Task prompt
Please give back, exactly as written, the lines from the line with "Anbolt A55 Senter" to the line with "For this project, I" in the listing below, leaving out all pictures.

Material to process

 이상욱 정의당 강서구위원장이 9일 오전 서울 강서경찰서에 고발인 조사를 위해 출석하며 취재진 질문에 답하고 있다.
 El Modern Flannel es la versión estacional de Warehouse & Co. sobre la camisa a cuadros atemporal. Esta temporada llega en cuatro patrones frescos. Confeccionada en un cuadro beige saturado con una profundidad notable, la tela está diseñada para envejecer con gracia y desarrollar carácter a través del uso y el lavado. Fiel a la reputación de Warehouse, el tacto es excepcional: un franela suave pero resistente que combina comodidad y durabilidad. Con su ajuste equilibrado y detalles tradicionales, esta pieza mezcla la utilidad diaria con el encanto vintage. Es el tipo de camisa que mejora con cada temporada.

--

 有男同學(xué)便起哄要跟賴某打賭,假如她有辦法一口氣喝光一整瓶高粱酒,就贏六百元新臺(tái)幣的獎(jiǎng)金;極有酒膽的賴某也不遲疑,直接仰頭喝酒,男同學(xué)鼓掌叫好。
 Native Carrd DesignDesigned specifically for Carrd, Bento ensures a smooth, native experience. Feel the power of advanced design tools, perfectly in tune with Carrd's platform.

---

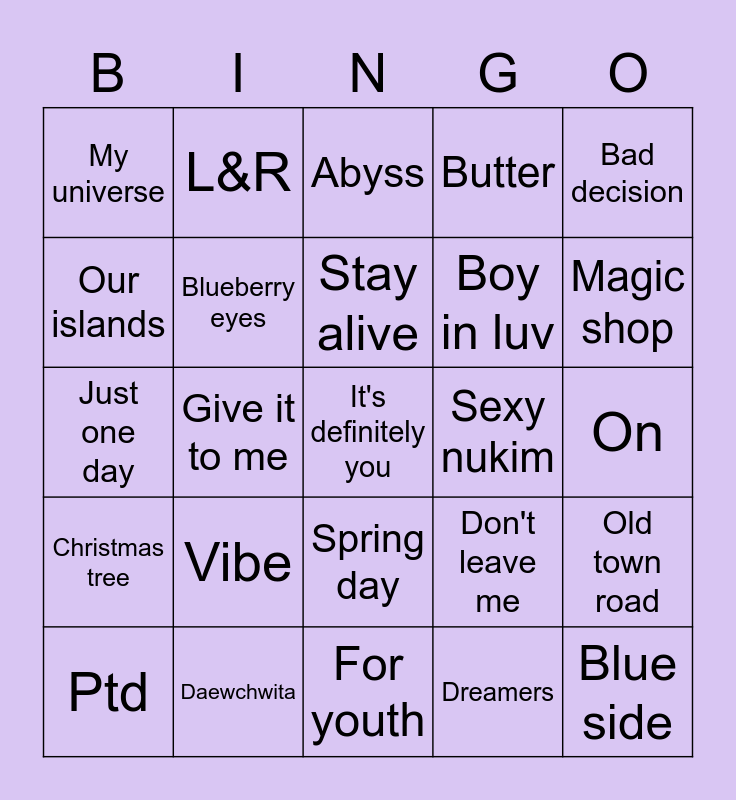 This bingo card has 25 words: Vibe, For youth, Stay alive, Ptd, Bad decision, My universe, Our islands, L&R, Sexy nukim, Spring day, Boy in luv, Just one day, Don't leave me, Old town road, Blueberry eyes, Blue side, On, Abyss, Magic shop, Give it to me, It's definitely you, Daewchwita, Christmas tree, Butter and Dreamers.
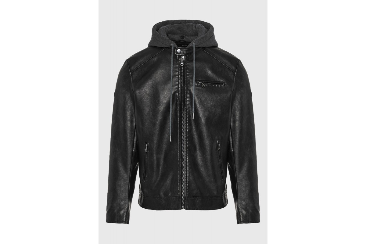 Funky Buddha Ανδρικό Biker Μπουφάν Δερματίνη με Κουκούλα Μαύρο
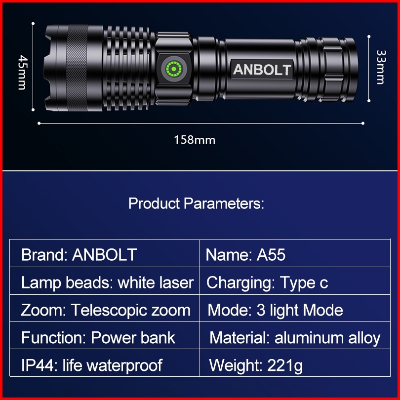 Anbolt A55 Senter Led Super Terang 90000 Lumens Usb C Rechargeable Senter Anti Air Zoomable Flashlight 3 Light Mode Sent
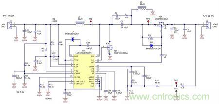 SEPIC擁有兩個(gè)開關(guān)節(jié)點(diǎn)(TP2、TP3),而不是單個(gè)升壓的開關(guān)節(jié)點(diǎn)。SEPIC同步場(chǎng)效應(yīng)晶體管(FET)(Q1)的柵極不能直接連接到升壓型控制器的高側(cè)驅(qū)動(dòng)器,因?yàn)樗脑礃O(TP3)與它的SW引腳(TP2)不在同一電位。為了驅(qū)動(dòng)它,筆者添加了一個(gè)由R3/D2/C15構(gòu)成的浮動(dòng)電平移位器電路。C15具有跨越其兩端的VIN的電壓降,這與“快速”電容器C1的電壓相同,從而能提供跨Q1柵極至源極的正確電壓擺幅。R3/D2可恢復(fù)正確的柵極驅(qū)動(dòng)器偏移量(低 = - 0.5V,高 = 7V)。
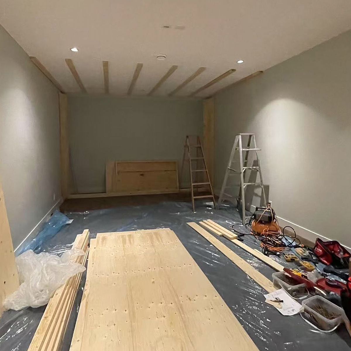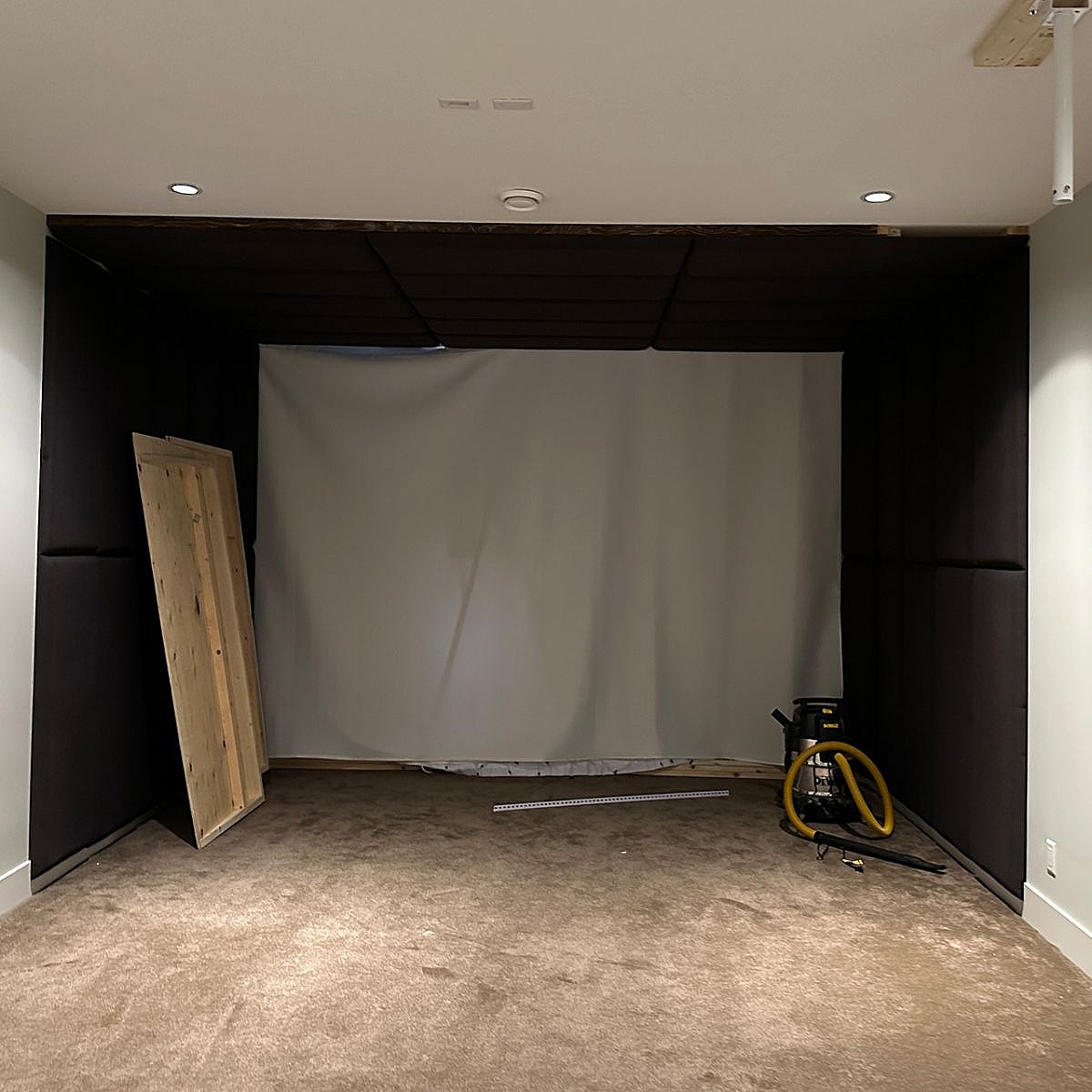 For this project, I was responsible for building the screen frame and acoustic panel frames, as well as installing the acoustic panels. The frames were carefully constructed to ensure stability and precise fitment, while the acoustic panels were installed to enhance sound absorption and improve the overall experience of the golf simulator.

Exercise result
 Anbolt A55 Senter Led Super Terang 90000 Lumens Usb C Rechargeable Senter Anti Air Zoomable Flashlight 3 Light Mode Sent
 SEPIC擁有兩個(gè)開關(guān)節(jié)點(diǎn)(TP2、TP3),而不是單個(gè)升壓的開關(guān)節(jié)點(diǎn)。SEPIC同步場(chǎng)效應(yīng)晶體管(FET)(Q1)的柵極不能直接連接到升壓型控制器的高側(cè)驅(qū)動(dòng)器,因?yàn)樗脑礃O(TP3)與它的SW引腳(TP2)不在同一電位。為了驅(qū)動(dòng)它,筆者添加了一個(gè)由R3/D2/C15構(gòu)成的浮動(dòng)電平移位器電路。C15具有跨越其兩端的VIN的電壓降,這與“快速”電容器C1的電壓相同,從而能提供跨Q1柵極至源極的正確電壓擺幅。R3/D2可恢復(fù)正確的柵極驅(qū)動(dòng)器偏移量(低 = - 0.5V,高 = 7V)。
 For this project, I was responsible for building the screen frame and acoustic panel frames, as well as installing the acoustic panels. The frames were carefully constructed to ensure stability and precise fitment, while the acoustic panels were installed to enhance sound absorption and improve the overall experience of the golf simulator.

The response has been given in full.